Miyamoto Hiroyuki, Morimoto Jun, Doya Kenji, Kawato Mitsuo
Kawato Dynamic Brain Project, Japan Science and Technology Corporation, Kyoto, Japan.
Neural Netw. 2004 Apr;17(3):299-305. doi: 10.1016/j.neunet.2003.11.004.
In this paper, we propose a new learning framework for motor control. This framework consists of two components: reinforcement learning and via-point representation. In the field of motor control, conventional reinforcement learning has been used to acquire control sequences such as cart-pole or stand-up robot control. Recently, researchers have become interested in hierarchical architecture, such as multiple levels, and multiple temporal and spatial scales. Our new framework contains two levels of hierarchical architecture. The higher level is implemented using via-point representation, which corresponds to macro-actions or multiple time scales. The lower level is implemented using a trajectory generator that produces primitive actions. Our framework can modify the ongoing movement by means of temporally localized via-points and trajectory generation.
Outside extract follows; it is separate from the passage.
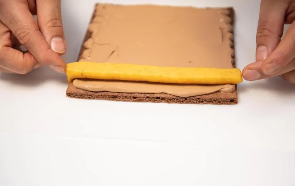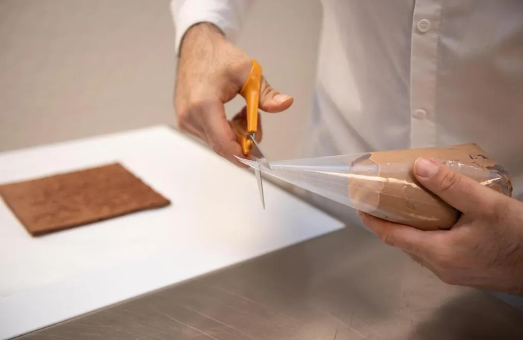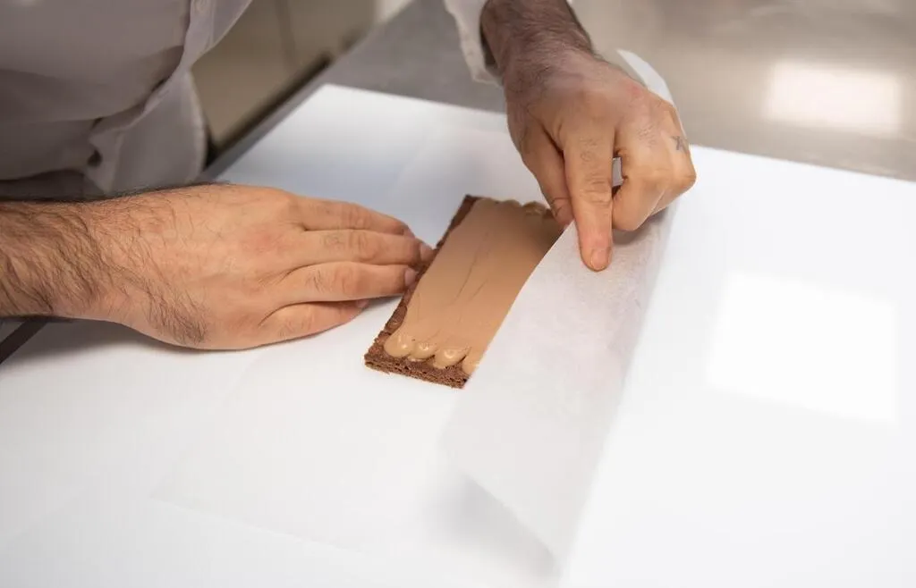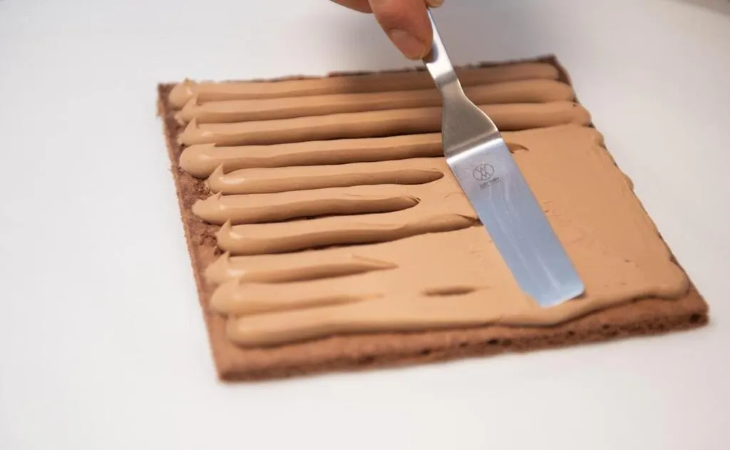 Étaler la ganache sur le biscuit coupé en carré. DAVID ADEMAS / OUEST-FRANCE
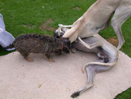Jule leidet schon seit frühester Kindheit unter Epilepsie und muss jeden Tag zwei Tabletten schlucken - schön in Leberwurst eingepackt ist das kein Problem - und sie hat auch schon eine gräßere OP hinter sich (jetzt sind es sogar schon zwei!). Da hat zwar die Figur ein wenig gelitten aber das kann doch einen Dackel nicht erschüttern!

Successful results are obtained in computer simulation of the cart-pole swing up task.
在本文中,我们提出了一种用于运动控制的新学习框架。该框架由两个部分组成:强化学习和过点表示。在运动控制领域,传统的强化学习已被用于获取诸如推车-摆杆或站立机器人控制等控制序列。最近,研究人员对层次结构产生了兴趣,例如多个层次以及多个时间和空间尺度。我们的新框架包含两个层次的层次结构。较高层次使用过点表示来实现,这对应于宏观动作或多个时间尺度。较低层次使用生成原始动作的轨迹生成器来实现。我们的框架可以通过时间局部化的过点和轨迹生成来修改正在进行的运动。在推车-摆杆摆动任务的计算机模拟中获得了成功的结果。